======== Data below ========
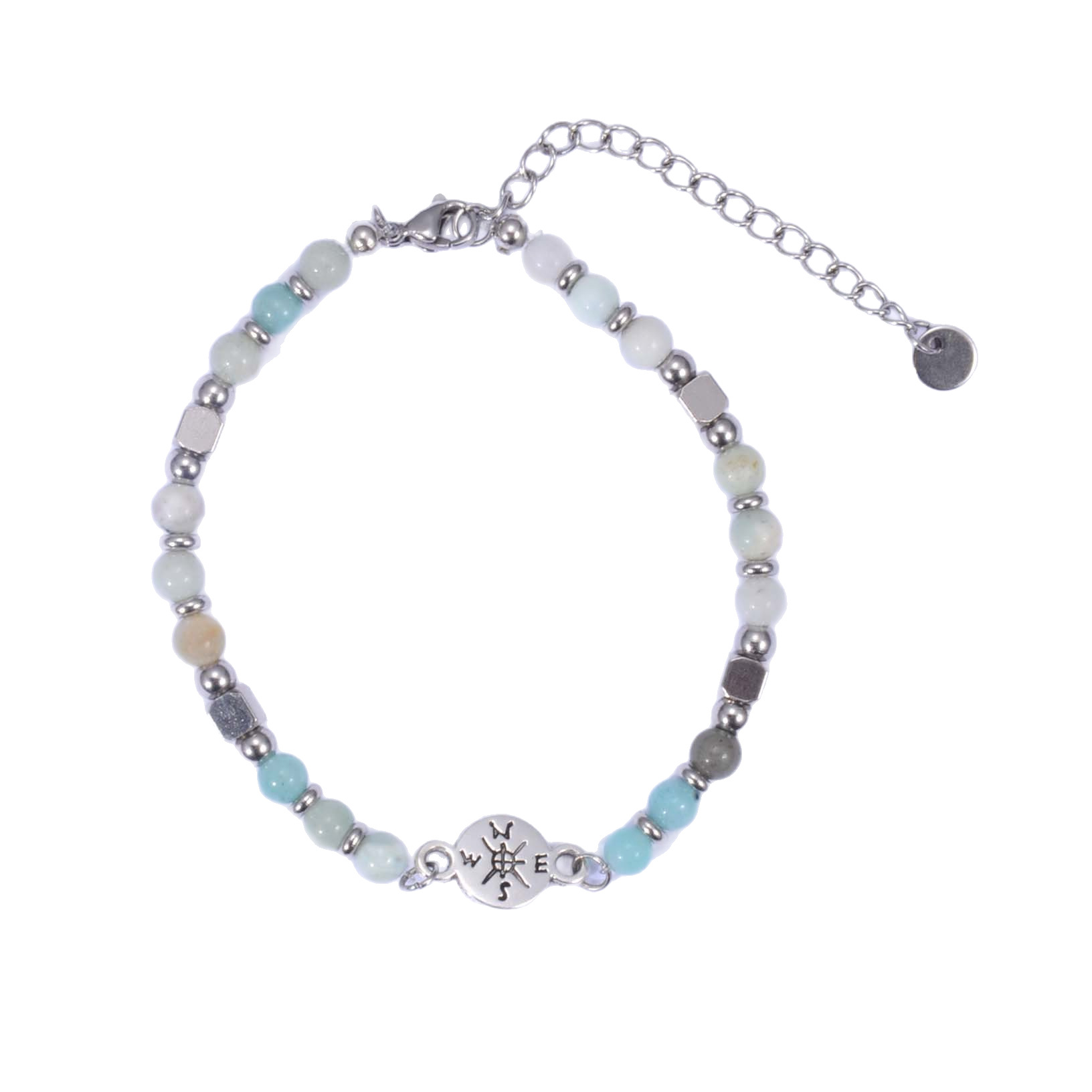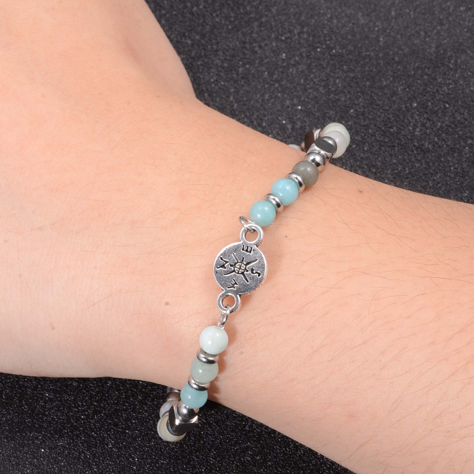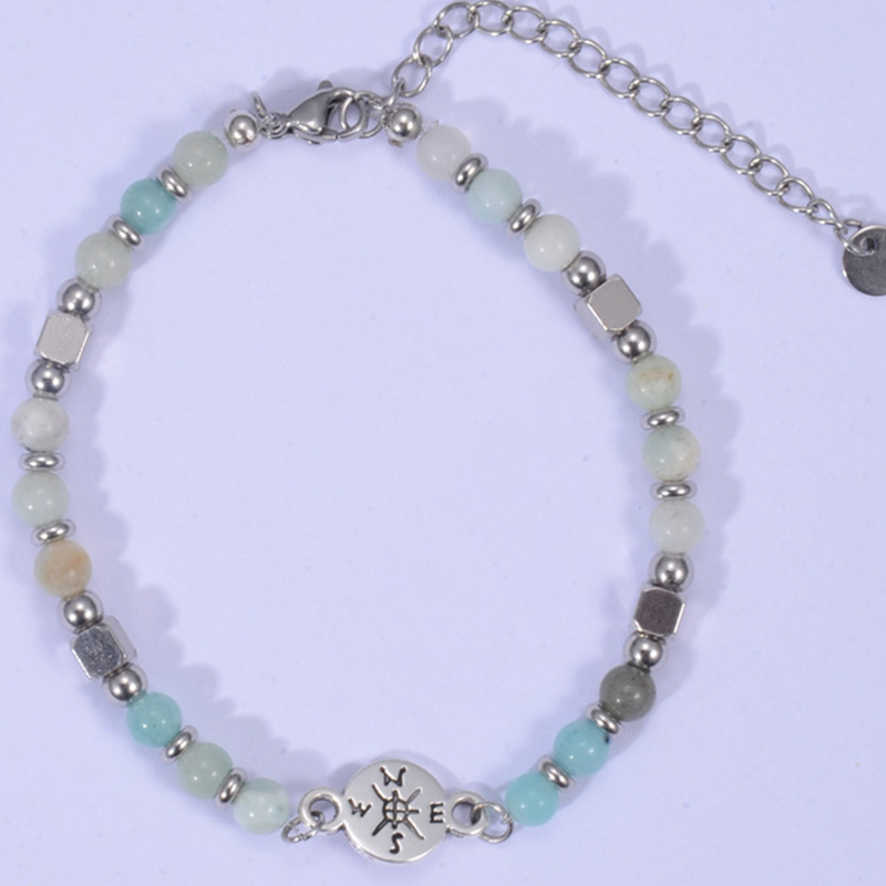 Amazonite bracelet, avec Acier inoxydable 304, Boussole, fait à la main, bijoux de mode & unisexe, Longueur:Environ 7 pouce, Vendu par PC
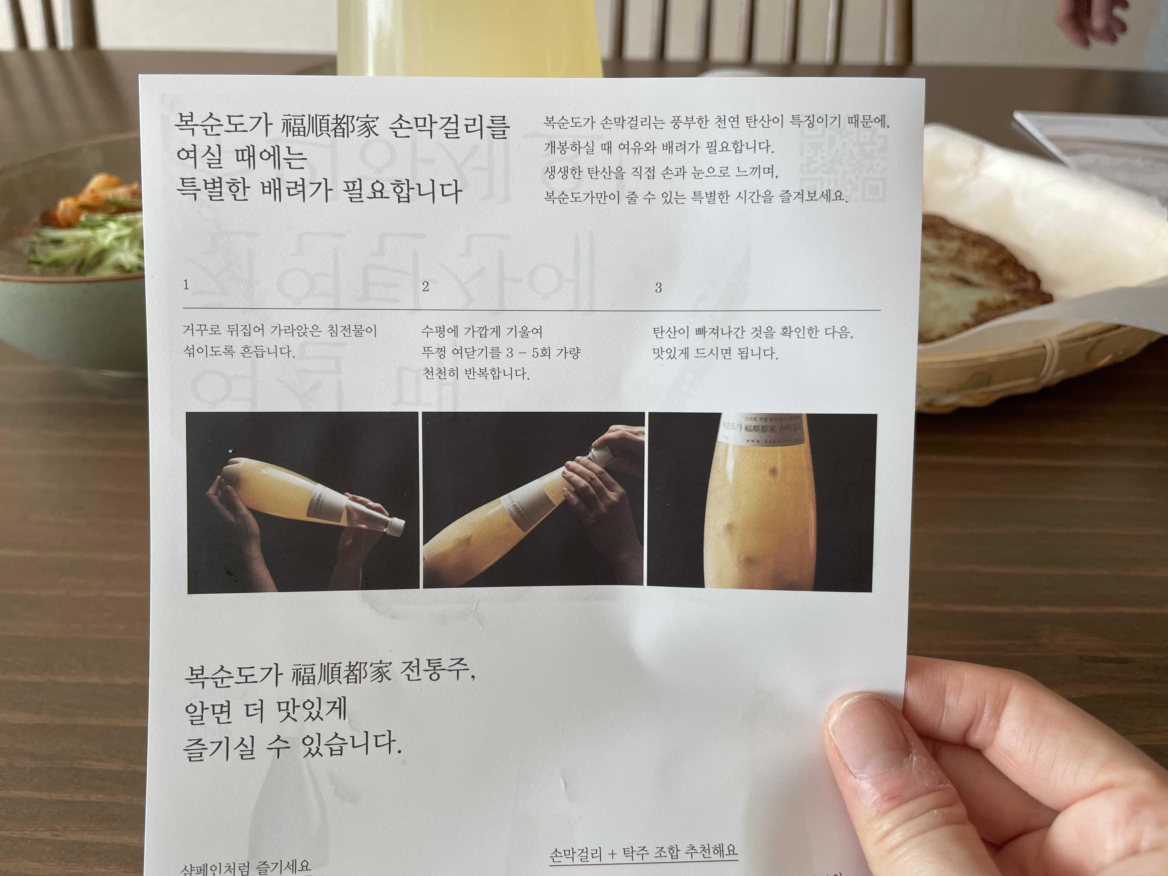 처음먹어보는 복순도가 생막걸리를 마시기전 어떻게 마셔야 하는지 막걸리와 함께 동봉된 설명서에 나와있는 내용들도 스르륵 한번 훑어 봤어요~ 전통 누룩이 발효되는 과정에서 자연 생성된 복순도가 손막걸리의 특징인 천연 탄산이 아주 강하기 때문에 그냥 드시면 안되구요~ 설명서에 나와있는 방법대로 잘 섞어준뒤 탄산을 다 빼준뒤에 먹어 보기로 했어요~
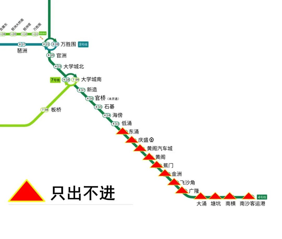 央廣網(wǎng)廣州6月6日消息(記者 張勝強)據(jù)“廣州地鐵”官方微博發(fā)布,6月7日起,一號線西塱站、坑口站、花地灣站、芳村站,廣佛線龍溪站、西塱站、沙涌站,五號線滘口站調(diào)整為停止對外運營服務(wù);廣佛線鶴洞站、菊樹站仍實行停止對外運營服務(wù);四號線“東涌站至南沙客運港站”各站所有出入口只出不進。
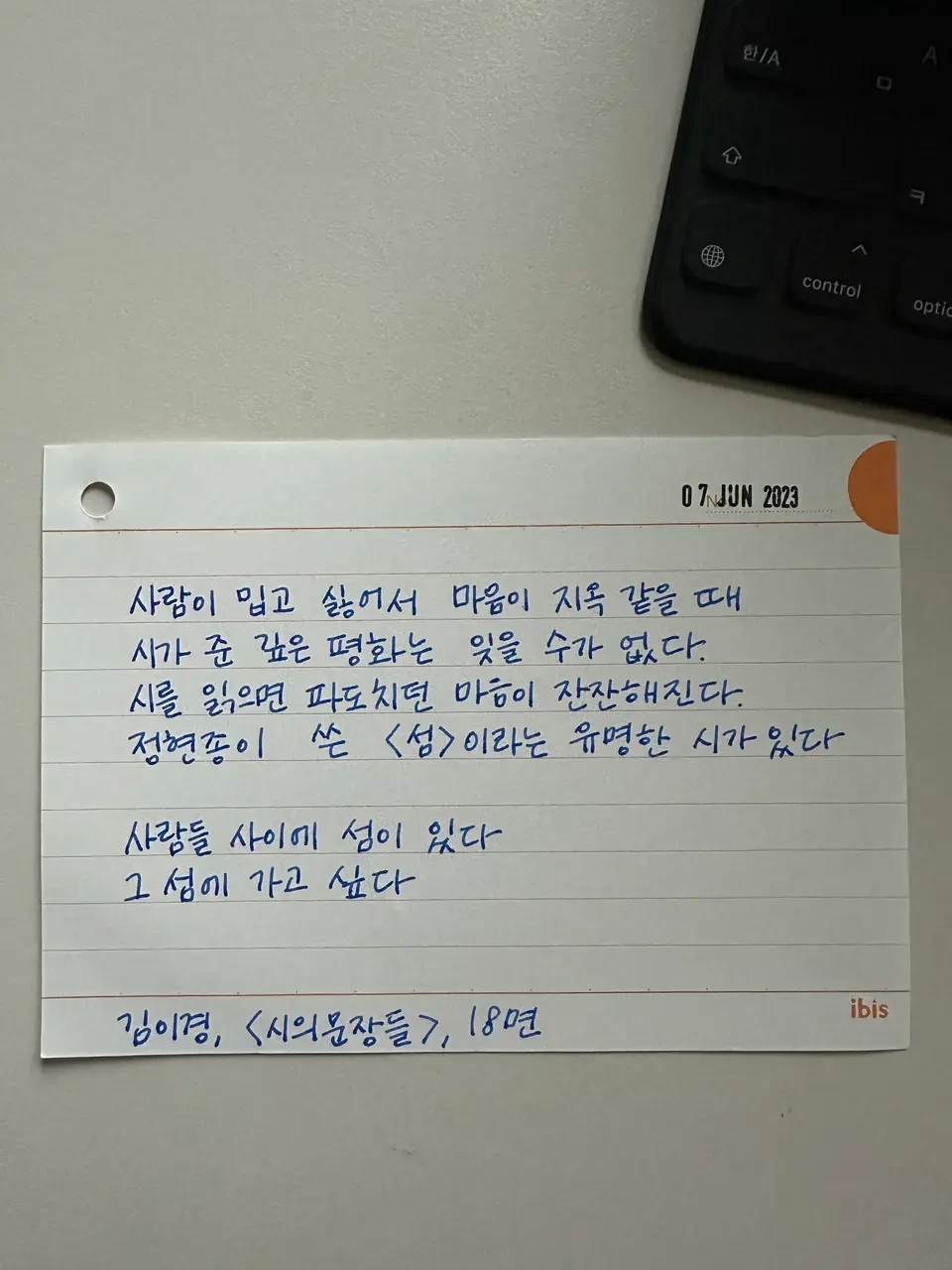예전 직장에 낮은 파티션 하나를 두고 나란히 앉아 근무하던 부장님이 있었어요. 부장님도 저를, 저도 부장님을 힘들어했습니다. 아침 8시부터 저녁 7시까지 숨소리까지 들리는 거리에 앉아서 지낸 시간에 이 시를 알았다면 얼마나 좋았을까요? 마음속으로라도 사이에 섬이 있다고 떠올릴 수 있었다면 그렇게 힘들지 않았을 텐데요.
========
Return the data verbatim, leaving out the pictures it holds.

 Amazonite bracelet, avec Acier inoxydable 304, Boussole, fait à la main, bijoux de mode & unisexe, Longueur:Environ 7 pouce, Vendu par PC
 처음먹어보는 복순도가 생막걸리를 마시기전 어떻게 마셔야 하는지 막걸리와 함께 동봉된 설명서에 나와있는 내용들도 스르륵 한번 훑어 봤어요~ 전통 누룩이 발효되는 과정에서 자연 생성된 복순도가 손막걸리의 특징인 천연 탄산이 아주 강하기 때문에 그냥 드시면 안되구요~ 설명서에 나와있는 방법대로 잘 섞어준뒤 탄산을 다 빼준뒤에 먹어 보기로 했어요~
 央廣網(wǎng)廣州6月6日消息(記者 張勝強)據(jù)“廣州地鐵”官方微博發(fā)布,6月7日起,一號線西塱站、坑口站、花地灣站、芳村站,廣佛線龍溪站、西塱站、沙涌站,五號線滘口站調(diào)整為停止對外運營服務(wù);廣佛線鶴洞站、菊樹站仍實行停止對外運營服務(wù);四號線“東涌站至南沙客運港站”各站所有出入口只出不進。
예전 직장에 낮은 파티션 하나를 두고 나란히 앉아 근무하던 부장님이 있었어요. 부장님도 저를, 저도 부장님을 힘들어했습니다. 아침 8시부터 저녁 7시까지 숨소리까지 들리는 거리에 앉아서 지낸 시간에 이 시를 알았다면 얼마나 좋았을까요? 마음속으로라도 사이에 섬이 있다고 떠올릴 수 있었다면 그렇게 힘들지 않았을 텐데요.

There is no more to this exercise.